WORK TO COMPLETE> Return exactly the lines of the data below, from the one that contains "Put this ANSI" through the final line, and leave out every picture.

DATA EXTRACT>
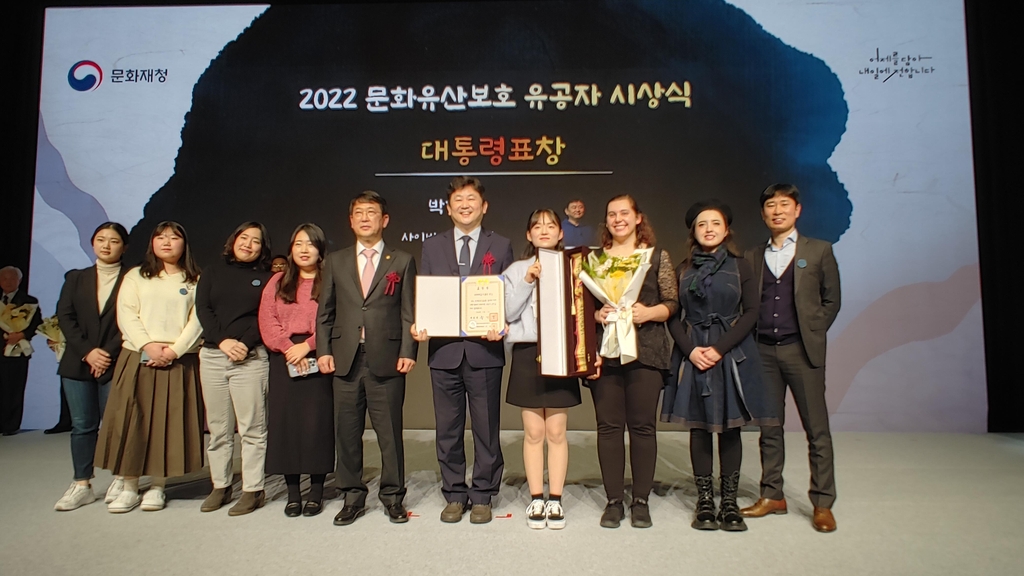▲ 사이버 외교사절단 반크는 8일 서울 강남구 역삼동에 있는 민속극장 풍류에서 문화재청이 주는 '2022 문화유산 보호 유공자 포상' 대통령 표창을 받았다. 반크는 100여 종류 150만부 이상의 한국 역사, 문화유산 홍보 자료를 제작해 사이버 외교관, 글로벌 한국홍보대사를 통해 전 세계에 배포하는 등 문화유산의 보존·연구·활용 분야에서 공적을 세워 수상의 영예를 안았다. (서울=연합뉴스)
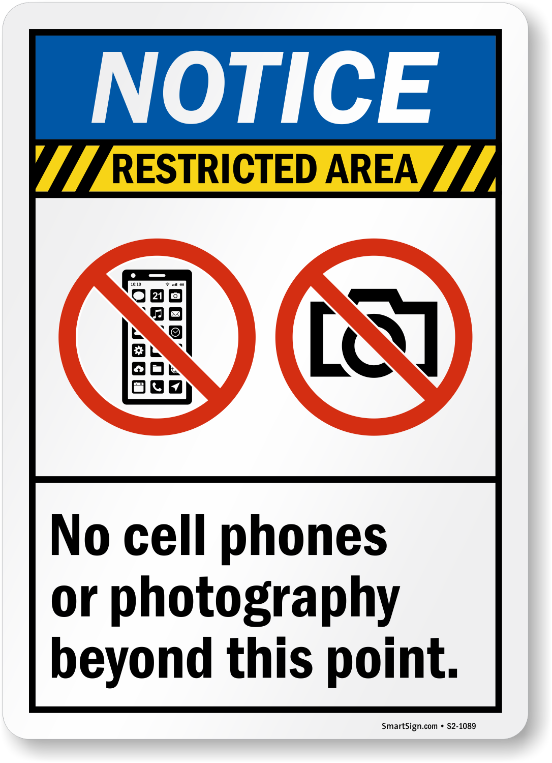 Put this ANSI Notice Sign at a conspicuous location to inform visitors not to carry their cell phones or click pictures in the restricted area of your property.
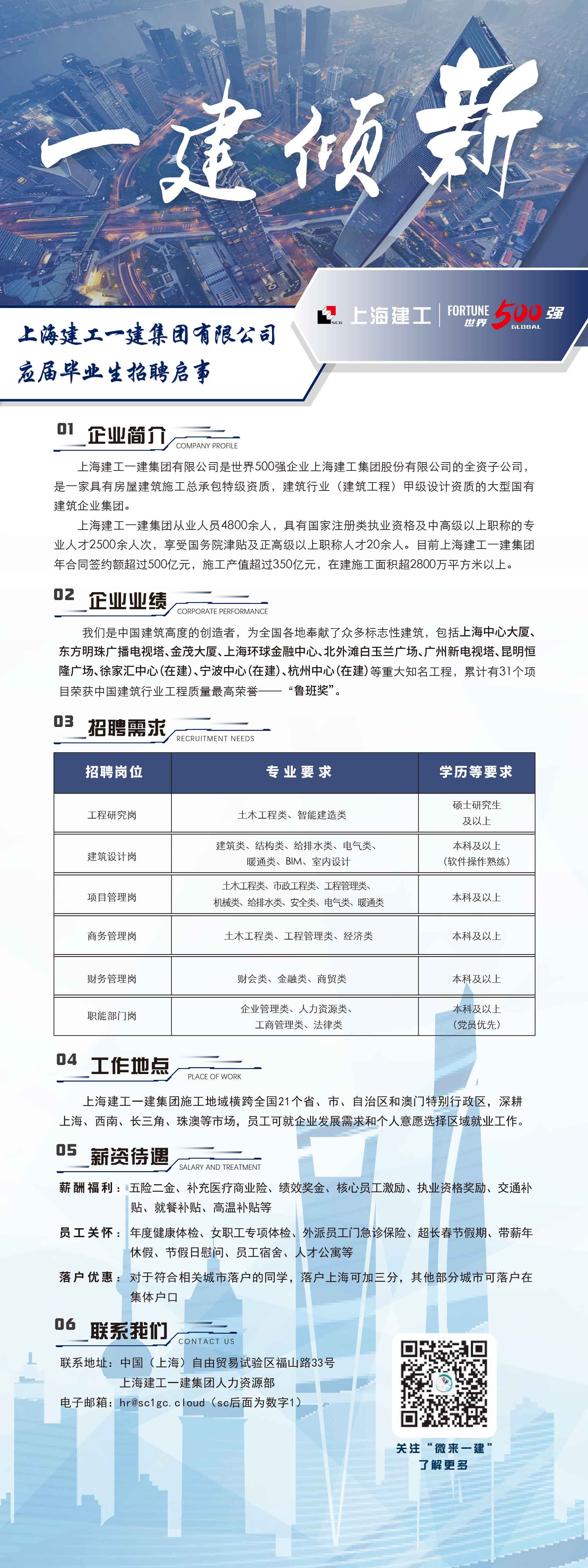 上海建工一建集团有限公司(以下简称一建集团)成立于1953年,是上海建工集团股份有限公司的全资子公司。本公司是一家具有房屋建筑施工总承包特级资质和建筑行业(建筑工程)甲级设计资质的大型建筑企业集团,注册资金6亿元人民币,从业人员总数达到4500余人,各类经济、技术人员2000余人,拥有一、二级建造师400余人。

TASK RESPONSE>
 Put this ANSI Notice Sign at a conspicuous location to inform visitors not to carry their cell phones or click pictures in the restricted area of your property.
 上海建工一建集团有限公司(以下简称一建集团)成立于1953年,是上海建工集团股份有限公司的全资子公司。本公司是一家具有房屋建筑施工总承包特级资质和建筑行业(建筑工程)甲级设计资质的大型建筑企业集团,注册资金6亿元人民币,从业人员总数达到4500余人,各类经济、技术人员2000余人,拥有一、二级建造师400余人。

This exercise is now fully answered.